### Task details
A faithful copy of the data, pictures omitted, is the required answer.

### Dataset content

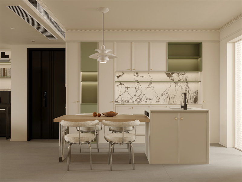 以奶油系为基底融合轻法式与现代风,白色柜体搭配莫兰迪绿嵌柜,大理石背景墙提升质感。木质餐桌与金属餐椅形成材质对比,营造出兼具精致与设计感的餐区。
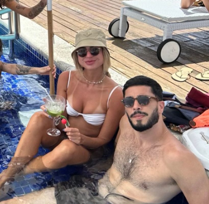 No registro, eles estão numa piscina, aparentemente aproveitando a onda de calor que assola o Brasil. Renata segura um drink e um pirulito, enquanto o artista faz um pose para a câmera.
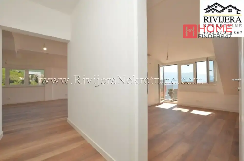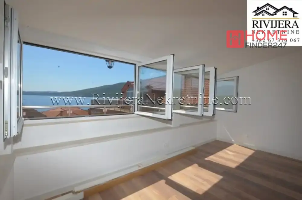 Dvosoban stan na samoj obali mora Djenovici Herceg Novi. Povrsina stana iznosi 109m2, (uknjizen na 86m2). Raspored prostorija: ulazni hodnik, dvije spavace sobe, kupatilo, dvije terase, dnevna soba sa kuhinjom, cijena: 335.000€
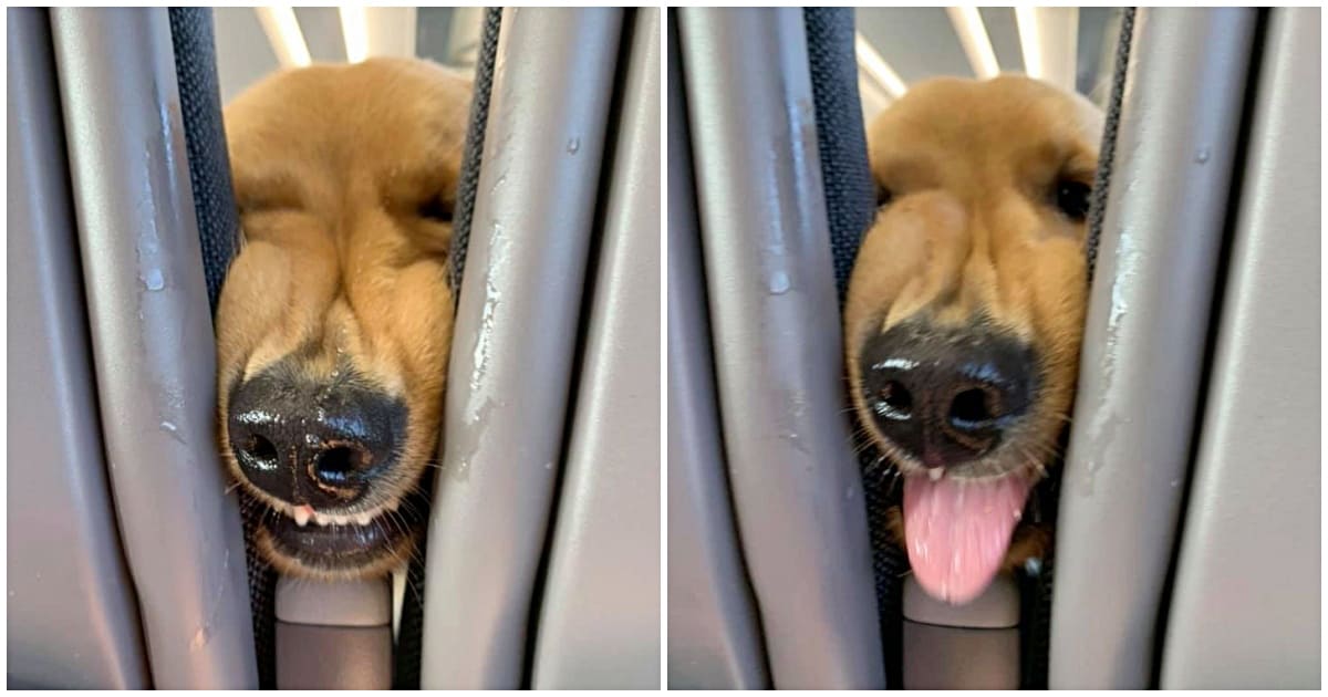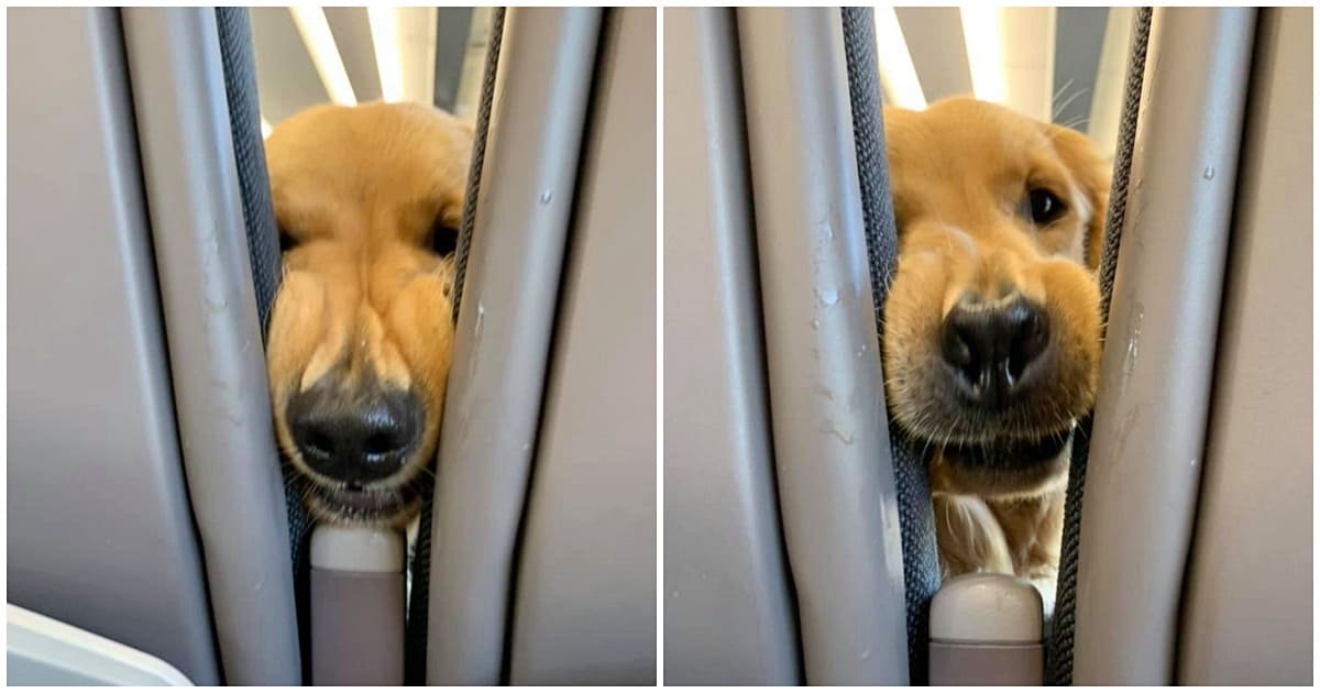 Huxley, a friendly Golden Retriever puppy, and his mom Ursula Daphne Aitchison, were flying together for Huxley’s first flight, when the pup grew very bored.

### Response area
 以奶油系为基底融合轻法式与现代风,白色柜体搭配莫兰迪绿嵌柜,大理石背景墙提升质感。木质餐桌与金属餐椅形成材质对比,营造出兼具精致与设计感的餐区。
 No registro, eles estão numa piscina, aparentemente aproveitando a onda de calor que assola o Brasil. Renata segura um drink e um pirulito, enquanto o artista faz um pose para a câmera.
 Dvosoban stan na samoj obali mora Djenovici Herceg Novi. Povrsina stana iznosi 109m2, (uknjizen na 86m2). Raspored prostorija: ulazni hodnik, dvije spavace sobe, kupatilo, dvije terase, dnevna soba sa kuhinjom, cijena: 335.000€
 Huxley, a friendly Golden Retriever puppy, and his mom Ursula Daphne Aitchison, were flying together for Huxley’s first flight, when the pup grew very bored.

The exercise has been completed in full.